> _Directions_:
Could you retype the lines below, starting at the line holding "Die Murmelbahn mit" and stopping at the line holding "Подробное описание: Nutricost", inclusive? Copy them exactly and drop the images.

[Record excerpts — start]

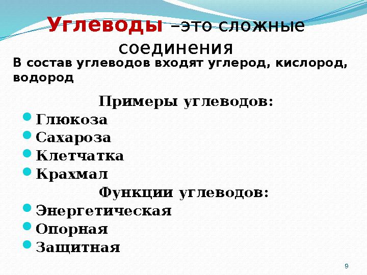 Для описания углеводов можно использовать признаки
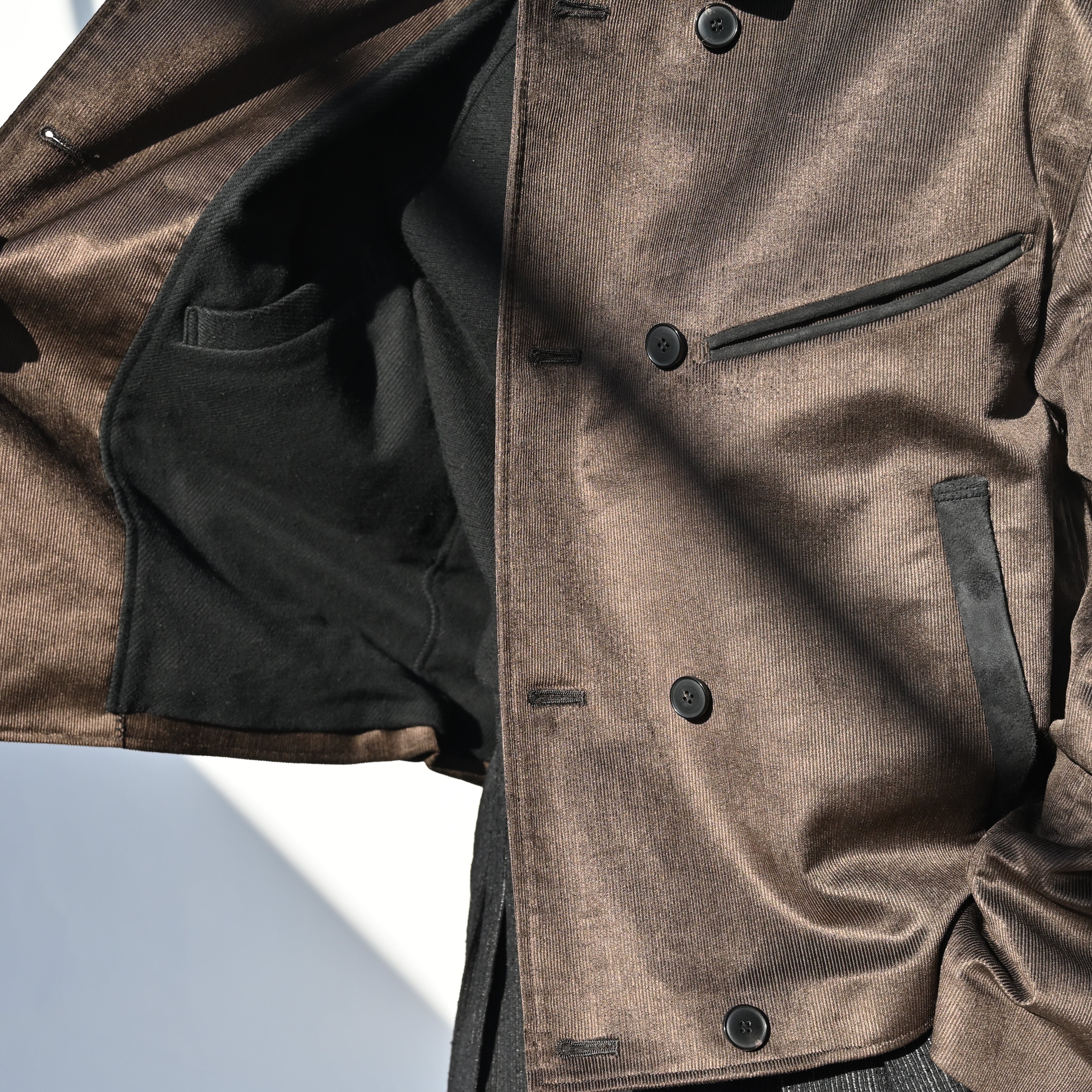 美しい光沢を帯びたコットンコーデュロイ生地を用いたジャケット。
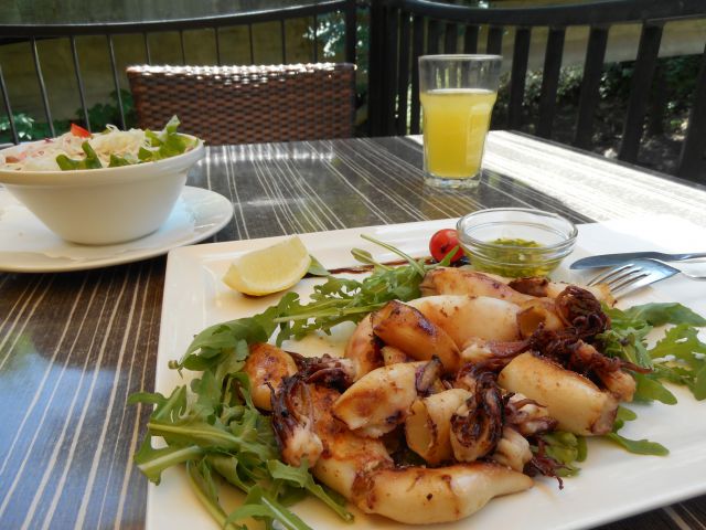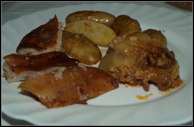 Filana paprika (ostanki); pečen kifeljčar, odojček (popotnica od včeraj), paradižnik solata; tri vrste tortic (prav tako popotnica od včeraj)
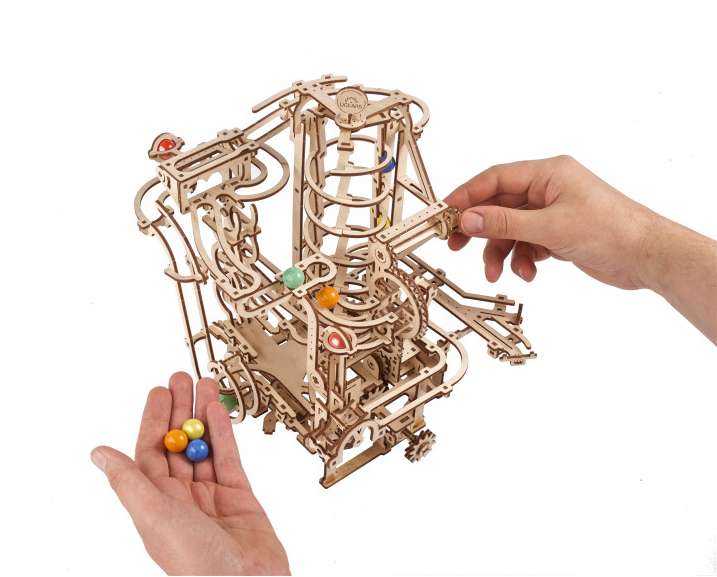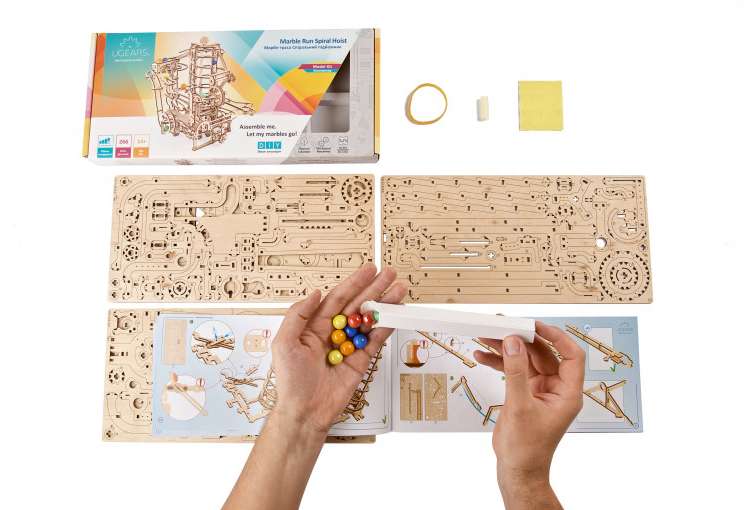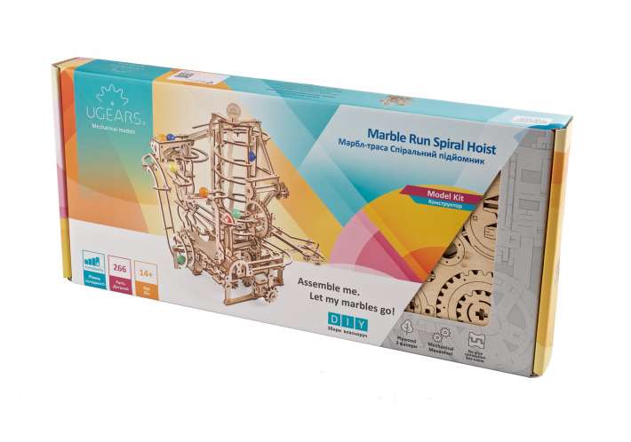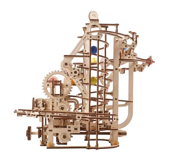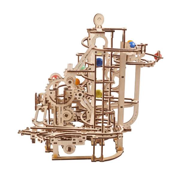 Die Murmelbahn mit Spiralaufzug ist das vierte Modell der Ugears-Serie mit faszinierenden mechanischen Murmelbahnen aus Holz zum Selberbauen.
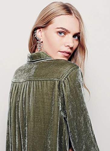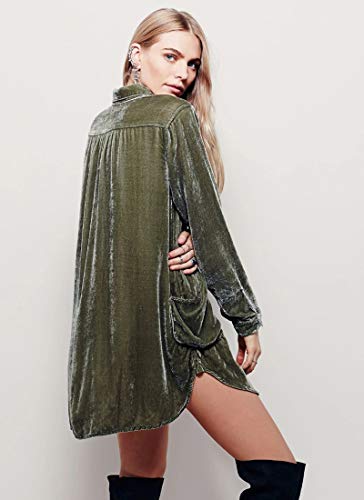 SLYZ Donne Europee E Americane Autunno Inverno Nuovo Stile Abito Gonna Camicia di Velluto Oro A Maniche Lunghe con Scollo A V Allentato
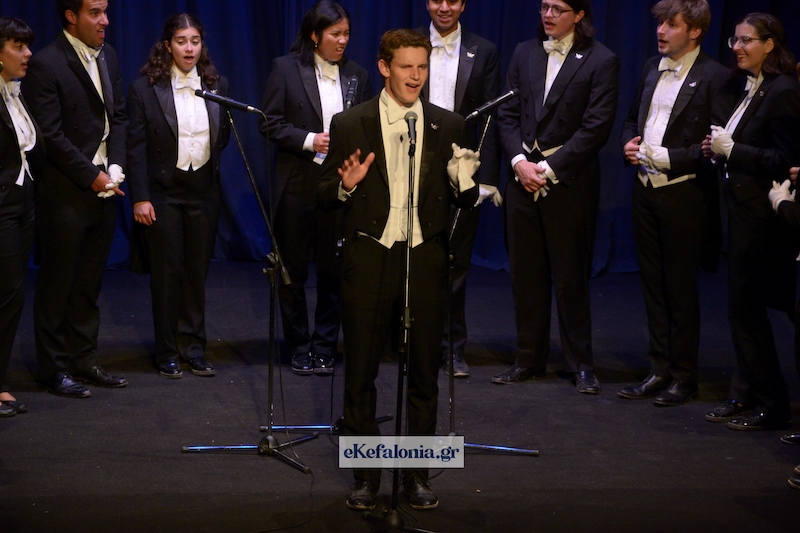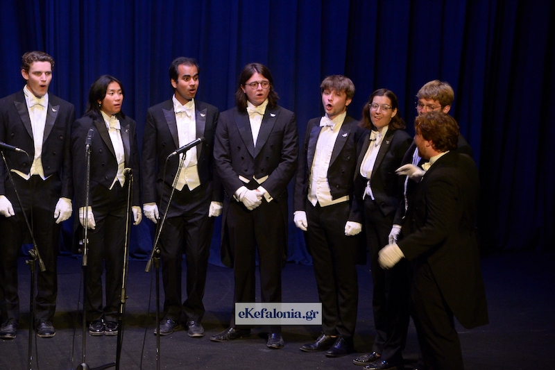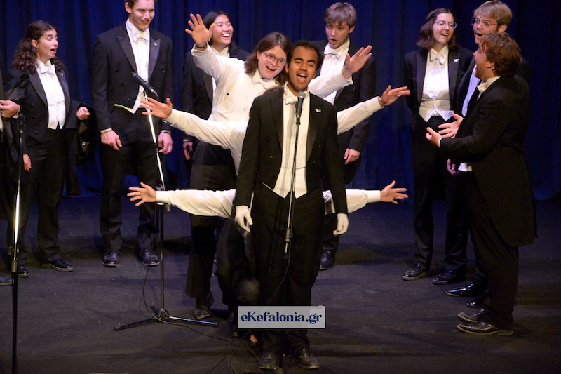 Μια ξεχωριστή βραδιά φωνητικής αρμονίας και υψηλής αισθητικής απόλαυσε το κοινό της Κεφαλονιάς την Κυριακή 15 Ιουνίου, στο Δημοτικό Θέατρο «Κέφαλος», με την εμφάνιση της διάσημης ανδρικής a cappella χορωδίας Whiffenpoofs του Πανεπιστημίου του Yale. Η ιστορική χορωδία, που ιδρύθηκε το 1909 στο Κονέκτικατ των Ηνωμένων Πολιτειών και έκτοτε έχει τραγουδήσει σε εμβληματικές σκηνές όπως ο Λευκός Οίκος και η Όπερα του Σίδνεϊ, ταξίδεψε για πρώτη φορά στην Κεφαλονιά και πρόσφερε ένα μουσικό πρόγραμμα γεμάτο φωνητική μαγεία, χιούμορ και ενέργεια.
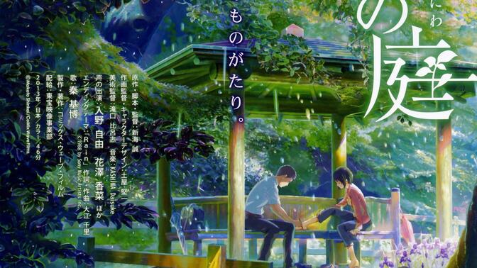题目其实是个民俗学的引子。所谓「言葉」,既是「鳴る神の 少し響(とよ)みて」,也是雨声,总结起来大抵类似于各国神话中常见的神/精灵之声。至于「庭」,在神话中也多有人界与异界交界之地的意味。新海诚只要对这两点在形式上给予足够支撑,忘忧和返世两重主题自然而然会形成,而他确实也做到了。 |
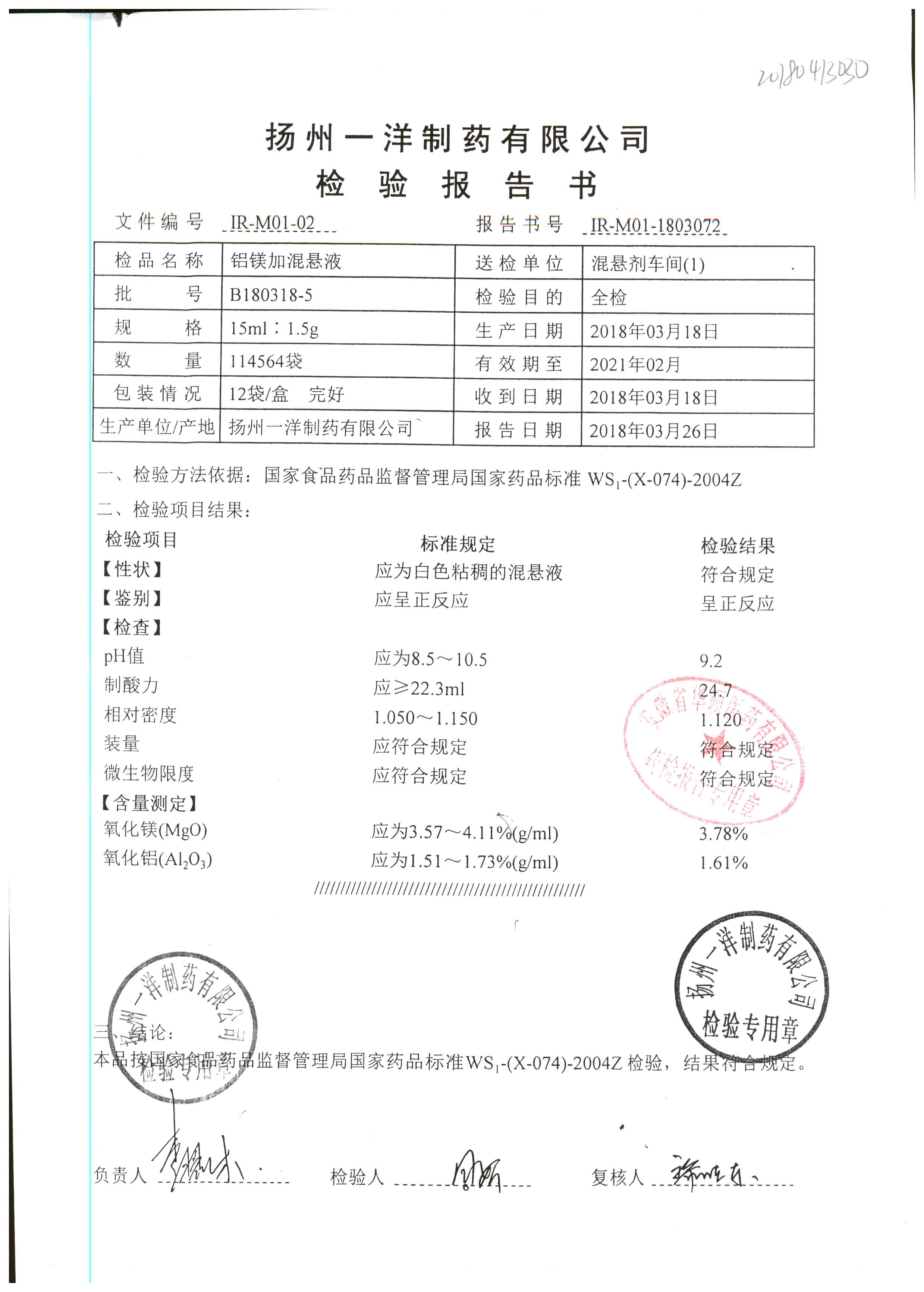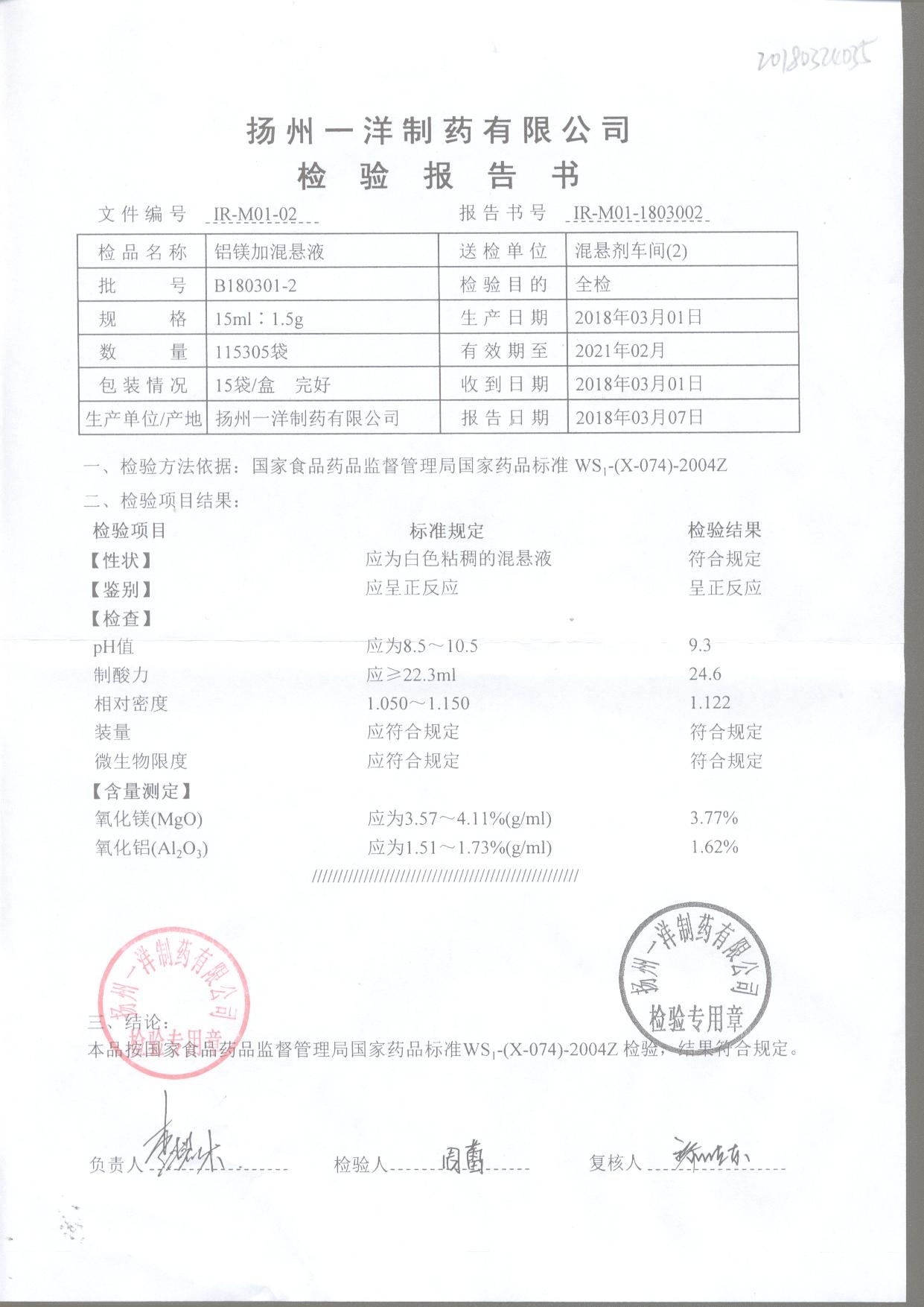 鋁鎂加混懸液 | 15ml:1.5g | B180403-7 | 查看詳情 |
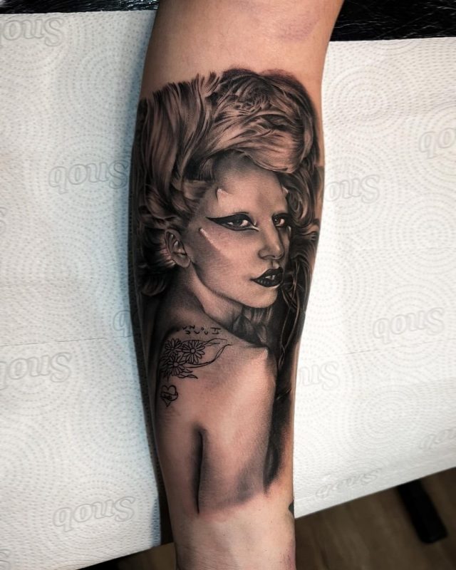 Ficou bem realista, não é mesmo? O responsável foi o tatuador Matheus Sacom. Para Gloria, Lady Gaga representou a causa LGBTQ com o álbum icônico “Born This Way”, que é muito importante para sua trajetória.
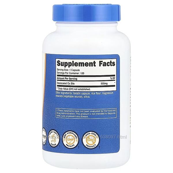 Подробное описание: Nutricost Бычья желчь. 500 мг, 120 капсул
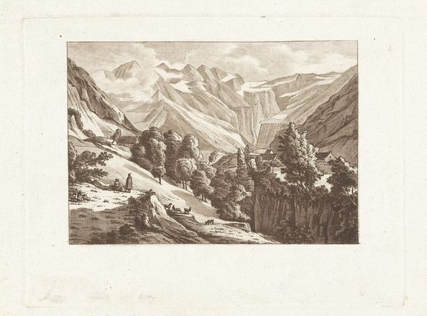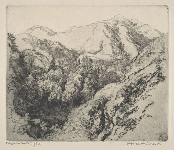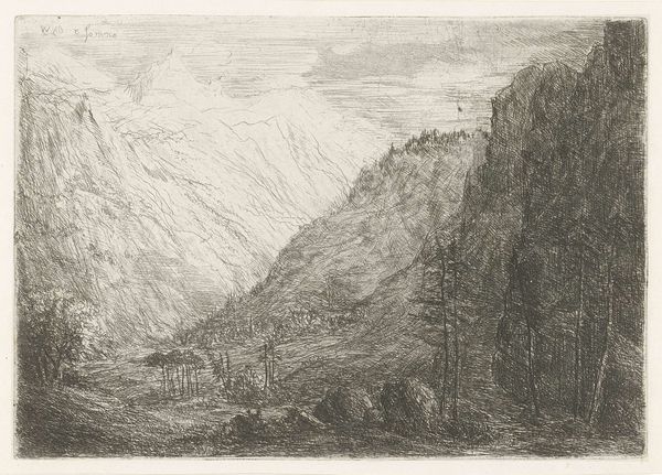 Editor: Here we have Pierre Louis Dubourcq’s "Rocky Landscape with Waterfall," created sometime between 1830 and 1858, using etching and engraving. The details created with the stark monochrome really capture the rushing power of nature. What’s your take on it? Curator: The image certainly presents a picturesque scene, but what strikes me is how the processes of etching and engraving are deployed. Consider the labor involved in meticulously creating those lines, replicating a natural scene for consumption. Do you see how the "realism" isn't just about the subject, but about making nature reproducible? Editor: So you’re saying that the artistry is not simply imitating nature, but in the work needed to create a printed representation that can be distributed? Curator: Precisely. This etching allows the "experience" of nature, or rather a particular aesthetic ideal of nature, to become a commodity. The artist’s labour, and the material constraints of printmaking become essential parts of its meaning. Think about how the distribution changes the perception. Editor: I hadn't considered it in that way, I was caught up in the image itself, but the choice of the materials is a message in itself. Thanks. Curator: And the distribution network, and the economy it feeds, also must be factored in to the conversation.
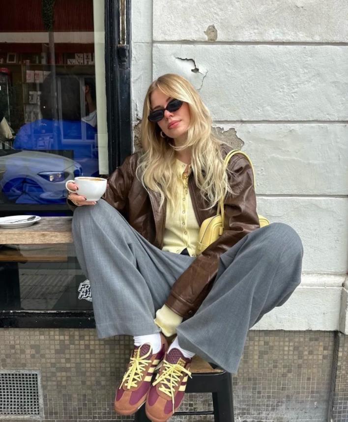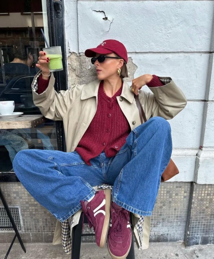 混搭也可以在德系風格穿搭中盡情演繹,淺卡其色風衣,內搭棗紅色針織開衫,如此色彩的混搭,也太出挑了,下身搭配上一條牛仔闊腿褲,爲整個穿搭增添了幾分休閒和肆意,腳下的運動鞋,顏色與內搭、帽子都一致,很好進行了色彩呼應。

[Record excerpts — finish]

> _Answer to this problem_:
 Die Murmelbahn mit Spiralaufzug ist das vierte Modell der Ugears-Serie mit faszinierenden mechanischen Murmelbahnen aus Holz zum Selberbauen.
 SLYZ Donne Europee E Americane Autunno Inverno Nuovo Stile Abito Gonna Camicia di Velluto Oro A Maniche Lunghe con Scollo A V Allentato
 Μια ξεχωριστή βραδιά φωνητικής αρμονίας και υψηλής αισθητικής απόλαυσε το κοινό της Κεφαλονιάς την Κυριακή 15 Ιουνίου, στο Δημοτικό Θέατρο «Κέφαλος», με την εμφάνιση της διάσημης ανδρικής a cappella χορωδίας Whiffenpoofs του Πανεπιστημίου του Yale. Η ιστορική χορωδία, που ιδρύθηκε το 1909 στο Κονέκτικατ των Ηνωμένων Πολιτειών και έκτοτε έχει τραγουδήσει σε εμβληματικές σκηνές όπως ο Λευκός Οίκος και η Όπερα του Σίδνεϊ, ταξίδεψε για πρώτη φορά στην Κεφαλονιά και πρόσφερε ένα μουσικό πρόγραμμα γεμάτο φωνητική μαγεία, χιούμορ και ενέργεια.
题目其实是个民俗学的引子。所谓「言葉」,既是「鳴る神の 少し響(とよ)みて」,也是雨声,总结起来大抵类似于各国神话中常见的神/精灵之声。至于「庭」,在神话中也多有人界与异界交界之地的意味。新海诚只要对这两点在形式上给予足够支撑,忘忧和返世两重主题自然而然会形成,而他确实也做到了。 |
 鋁鎂加混懸液 | 15ml:1.5g | B180403-7 | 查看詳情 |
 Ficou bem realista, não é mesmo? O responsável foi o tatuador Matheus Sacom. Para Gloria, Lady Gaga representou a causa LGBTQ com o álbum icônico “Born This Way”, que é muito importante para sua trajetória.
 Подробное описание: Nutricost Бычья желчь. 500 мг, 120 капсул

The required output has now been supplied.